С октября в сражении у самой Москвы его армия была в составе воссозданного Западного фронта — этот фронт теперь возглавлял тоже его старый товарищ по Белорусскому округу генерал Георгий Жуков.

Западный фронт, который германские генералы после Вяземского окружения перечеркнули на своих оперативных картах, снова уверовав в то, что колеса и колесики плана «Барбаросса» наконец закрутились без помех и осечек и снова схемы, инструкции, приказы будут выполняться в строго установленные и точно предписанные сроки, во столько-то часов ноль-ноль минут, — этот зачеркнутый, стертый с немецких карт и схем фронт новый его командующий и командующие армиями, солдаты, командиры, политработники не только возродили, но этот фронт оказал вдруг такое сопротивление, какого еще не испытывала германская машина войны с того памятного летнего дня, когда она с грохотом и треском перевалила через советскую границу.

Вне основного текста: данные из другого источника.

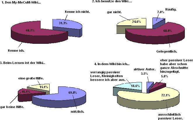 Ergebnisse: Eine Online-Bibliothek als Wiki ist die erste Lösung dieser Art an einer medizinischen Fakultät in Deutschland. Das Konzept konnte ohne wesentliche technische Probleme von studentischer Seite implementiert werden und ist an die offiziellen Internetseiten der Medizinischen Fakultät der Universität München angebunden. Im Zeitraum von Dezember 2005 bis Juni 2007 wurden die Inhalte des MeCuM-Wikis insgesamt 417.808 Mal aufgerufen. Eine Online-Evaluation zeigte, dass das Projekt positiv von den Studierenden aufgenommen wird und dass die Studierenden zur aktiven Teilnahme motiviert sind.

В декабре фронт, возглавляемый Жуковым, как сжатая пружина, разжался и отбросил от столицы помятую и искореженную машину — и колеса и колесики ее соскочили со своих осей.

Закалившаяся в этих невиданных по упорству оборонительных боях армия участвовала в контрнаступлении. Именно тогда — уже не только из сводок информбюро, но и из репортажей военных корреспондентов и очерков писателей — звучная фамилия командующего армией генерала Рокоссовского перешла в народную молву.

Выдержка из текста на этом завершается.